Im overhauling one of my invert displays where i work and although i have a load of experience with pet holes and baboons etc ive never really gone into the whole arboreal or show spider thing...

Well, i want to retire the veteran chile rose on display and want some suggestions of good display spiders that people would _want_ to see in a public collection. Its a display more suited to a mid sized arboreal, and it must be a sexy showy spider that will either be out alot or web up to the max!

Fire away!...


----------



## Josh-sama (Sep 26, 2008)

GBB? 
P. Metallica?
T. Blondis / Apophysis (Goliaths seem to catch the attention of people as they go "I KNOW THAT SPIDER!"


Could possibly have a true spider setup? Ladybird Spiders are very cool.


----------



## HalcyonInverts (Jul 22, 2009)

yeah ive toyed with the thought of a Nephila Sp. Tanzania display before now. Love raising those spiders! And ive done a False widow display for a British Invasion exhibiton. but ladybirds sound good, will look into that one...

keep em coming!


----------



## Josh-sama (Sep 26, 2008)

Alot of the Erseus species are very colorful and would look pretty good on display.










Eresus sandaliatus










Eresus ???










Eresus albopictus


----------



## mikemike118 (Aug 15, 2009)

*heres a gorgeous one for you*

this is lovely tarantula, which is pretty rare (so be prepared for spending of some pennys and waiting a little time, unless your really lucky) ....

but if you get some of these, then you will be in for a surprise, as they are great for the webbing, and they are baboons!

left is female and right is male, hope you like them as much as i do!









im currently saving for some:flrt::flrt:


----------



## HalcyonInverts (Jul 22, 2009)

are they M.balfouri???

Gorgeous spiders!!! another lead to chase up tommorow...


----------



## mikemike118 (Aug 15, 2009)

*spot on!*



HalcyonInverts said:


> are they M.balfouri???
> 
> Gorgeous spiders!!! another lead to chase up tommorow...


spot on mate!

im not exactly a pro, and only been into the hobby for a good year now, and absolutly amazed by these!
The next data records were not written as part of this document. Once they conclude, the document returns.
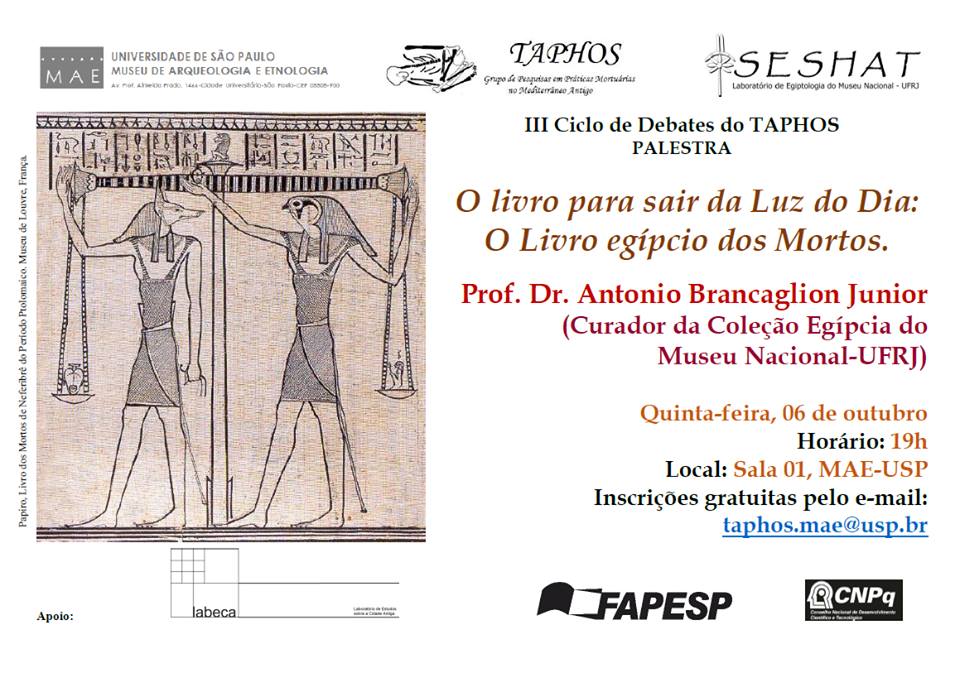 Ocorrerá no próximo dia 06 de outubro, 19h00, a palestra “O Livro para sair da Luz do Dia: o Livro Egípcio dos Mortos”, que será ministrada pelo Prof. Dr. Antonio Brancaglion Jr. (Curador da Coleção Egípcia do Museu Nacional – UFRJ).
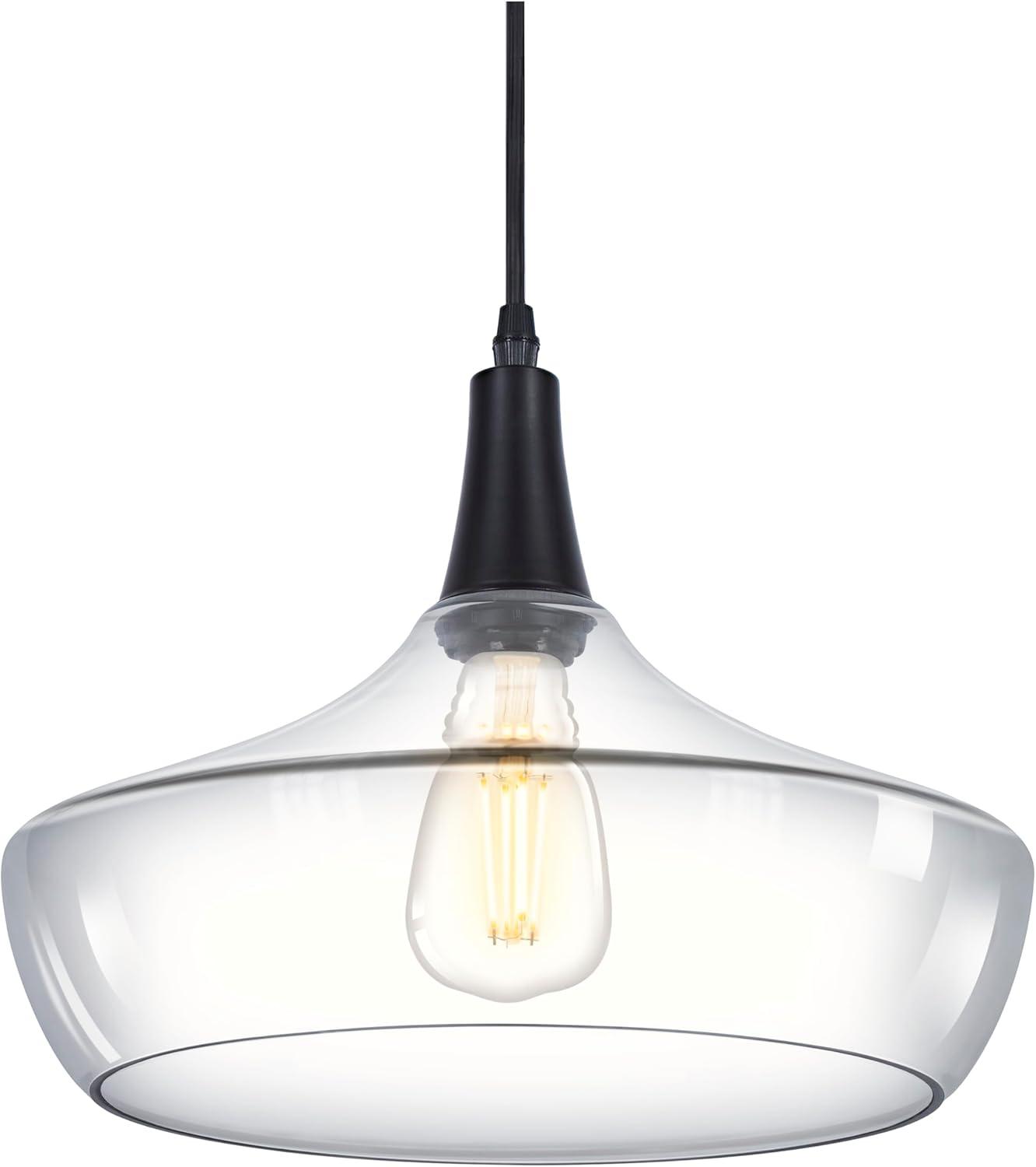 Modern Design with Timeless Appeal – Features a stylish matte black metal frame paired with a chic clear glass shade. This versatile design complements modern, industrial, farmhouse, or transitional interiors with ease.
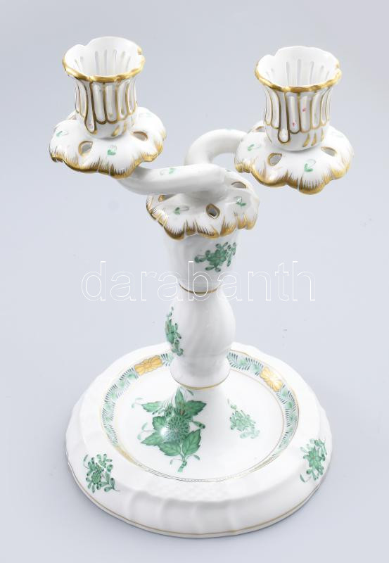 Herendi Apponyi mintás kétágú gyertyatartó. Kétrészes. Jelzett, hibátl...

As of yet i haven't found a care sheet for these but search for ceratogyrus darlingi or ceratogyrus marshalli and it should be similar, but i must say that i don't follow care sheets to the words, but lets you preapre for what you want/getting!


----------



## jack_rep (Sep 11, 2008)

Not an arborial species, but A. geniculata are known for always sitting out in view. I know mine always does.
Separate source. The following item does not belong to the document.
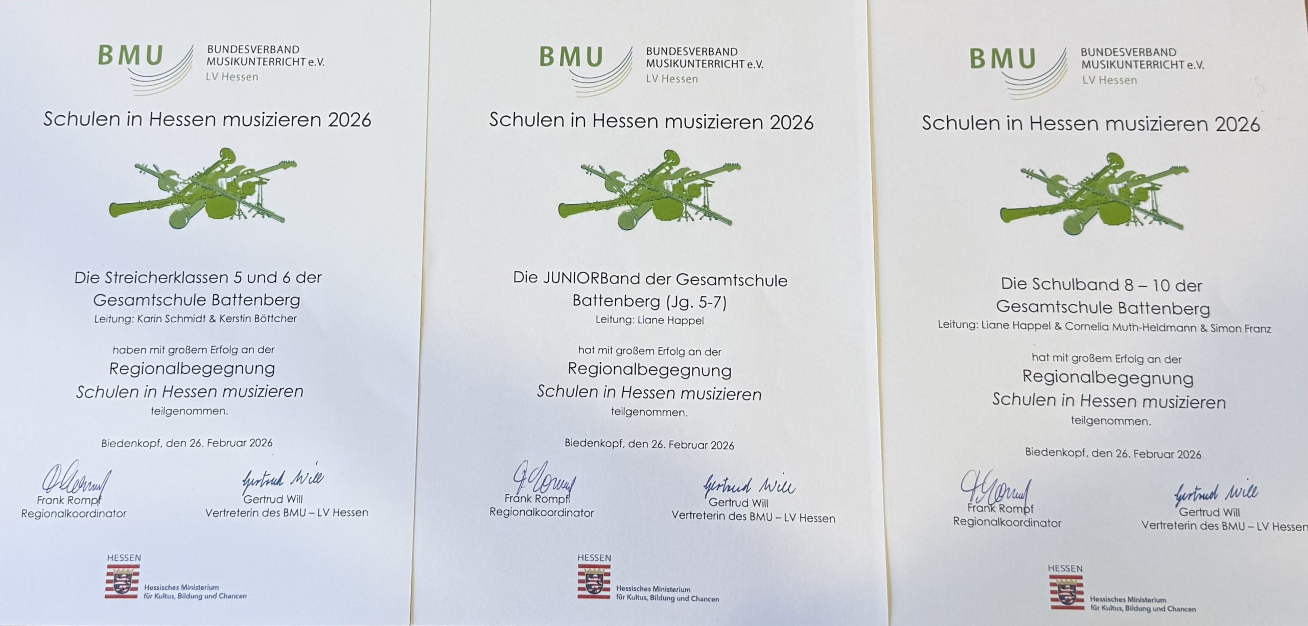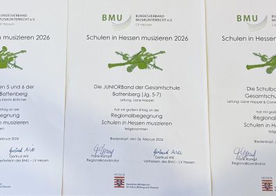 Auch in diesem Jahr nahm die Gesamtschule Battenberg an dem landesweiten Musikprojekt „Schulen in Hessen musizieren“ teil. Dafür fuhren drei unserer Ensembles nach Biedenkopf, um gemeinsam mit anderen Schulen einen musikalischen Tag zu gestalten:

Thing about things like a p metallica or a any other arboreal in my experience is that they are unlikely to sit out on display.


----------



## HalcyonInverts (Jul 22, 2009)

hmmmm beautiful spids (M.balfouri) but getting some might be an issue. Not very common as you say, and i dont fancy going to Socotra to get one... probably end up in some Somalian pirate jail knowing my luck...
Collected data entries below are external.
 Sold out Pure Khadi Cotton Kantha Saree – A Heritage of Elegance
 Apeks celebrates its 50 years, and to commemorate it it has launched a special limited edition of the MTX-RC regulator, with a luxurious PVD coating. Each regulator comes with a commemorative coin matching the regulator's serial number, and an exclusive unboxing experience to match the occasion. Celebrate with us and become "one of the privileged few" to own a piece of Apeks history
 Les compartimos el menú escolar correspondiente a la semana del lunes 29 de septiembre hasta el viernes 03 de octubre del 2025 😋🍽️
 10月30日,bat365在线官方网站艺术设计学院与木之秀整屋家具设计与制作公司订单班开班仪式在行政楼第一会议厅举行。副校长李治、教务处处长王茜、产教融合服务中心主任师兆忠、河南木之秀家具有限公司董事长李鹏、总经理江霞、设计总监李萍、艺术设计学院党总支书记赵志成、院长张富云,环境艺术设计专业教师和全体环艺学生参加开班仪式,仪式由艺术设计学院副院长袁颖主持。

The display is too narrow front to back for an A.genti. it will need to be a mid sized and not too chunky one really.... love them tho! one of my alltime fave T's


----------



## mikemike118 (Aug 15, 2009)

HalcyonInverts said:


> hmmmm beautiful spids (M.balfouri) but getting some might be an issue. Not very common as you say, and i dont fancy going to Socotra to get one... probably end up in some Somalian pirate jail knowing my luck...
> 
> The display is too narrow front to back for an A.genti. it will need to be a mid sized and not too chunky one really.... love them tho! one of my alltime fave T's


as you say about going to another country to get the m.balfouri and with the way things are going at the moment, apparently they will be illegal to import, but the best place i can provide you with is tts (the tarantula store) just sign up, you need to register your email once you have registerd, and then just post something like "WANTED - m.balfouri"....you could do it today and get 100 replys with everyone selling one, and if you done it tomorrow you could get no reply at all! so its basically pot luck if you was to buy one!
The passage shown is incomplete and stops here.